OMG!!!!!! this is all about flavor :-) I love this recipe!! I went to make my/your tried and true Everyday Granola recipe(my fav 'cause it takes what I have in my pantry). I thought...well, I will see if Sarah has posted anything...and there it was- Olive Oil Granola!! My favorite spice...Cardamom....is in it so I was sold right out of the gate. Then, like you, I tasted this and my mouth was bursting with flavors-salt, sweet, cardamom, some cinnamon...textures, crunchy and soft....WOW!!

Is it my new favorite...I don't know yet....but I do know I am enjoying the first batch...a second...third....hmmmmmm ????

Thanks Sarah!!

January 8, 2011 | Unregistered CommenterLeslee

I've been making granola left and right... what are coconut chips?

Gotta love the myriad of colors the girls have on:)

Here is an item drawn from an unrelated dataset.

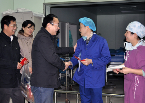 2月9日上午,农历除夕。院领导陈方平、吴希林、黄进华、黄飞舟、邓云龙,以及党办、院办、人力资源部、医务部、护理部等职能部门负责人,看望并慰问坚守在一线医护人员、行政后勤人员,代表医院党政向他们致以新年的祝福和新春的问候。
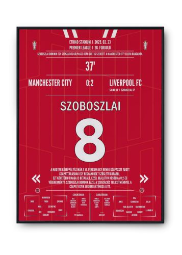 Szoboszlai Dominik ragyogása az Etihadban! A magyar középpályás gólpasszt adott, majd egy bődületes találattal maga is betalált a Manchester City ellen, ezzel 0–2-re növelve a Liverpool előnyét. Rendeld meg ezt a legendás pillanatot megörökítő posztert 30×40 vagy 40×50 cm-es prémium méretben!

January 8, 2011 | Unregistered CommenterKamille

Nice to "see" you again, and what a way to start off the year! Granola & yogurt is a favorite comfort food of mine. Love the idea of using olive oil.

January 9, 2011 | Unregistered CommenterEating Made Easy (Amelia)

That riot of color, kilts and boots is the bomb. Love it, love it, love it!

I, too, have converted to Melissa's olive oil granola (w/ lots of changes, incl. sesame, as here, plus wheat germ), after deep, deep doubt. No looking back here, either. Also, I consider your granola obsession a sign of true character.

A very happy new year to you, Miss Sarah.

xo,
Molly

January 10, 2011 | Unregistered Commentermolly

Love that pic of my daughter + niece! xo

January 11, 2011 | Unregistered CommenterNaomi Cox

Wow, my favorite granola ever! Made this today and knocked my socks off!

January 11, 2011 | Unregistered Commentermidori

[...] olive oil granola would make a fun & hearty snack (@ In Praise of [...]

January 12, 2011 | Unregistered CommenterThe Motherload » Amy&#82

Finally tried this yesterday and shared it with a couple of folks today. Got some really nice text messages. For instance "U r awesome the best granola maker ever" and "I just left a meeting so I could go eat more" Clearly olive oil granola is sweeping the nation or at least this end of Capitol Hill. I think it tastes like salted caramel corn with nuts. Homemade Cracker Jack is what came to mind. I'm going to try to make a less sweet version with the olive oil. The savory nature is awesome. And cooking for a longer time period at a lower temp - much better. Thanks for the tip.

February 1, 2011 | Unregistered CommenterEm

I'm in love with Melissa Clark for publishing this recipe in the Times. My sister (who lives in Park Slope) gave us a bag of the $10 granola from Bklyn Larder and I was desperate to figure out how we could recreate it at home.

February 26, 2011 | Unregistered CommenterHoneycrisp

[...] Planned vacations looming ahead to bolster my spirits during the ever present rain and gloom.  This homemade granola recipe. The tax return to be deposited on Friday. The little pink magnetic [...]

March 9, 2011 | Unregistered Commentertotally charmin’
I love how many granola recipes you have!!! If I could live off of one thing--it would probably have to be granola. Can't wait to try!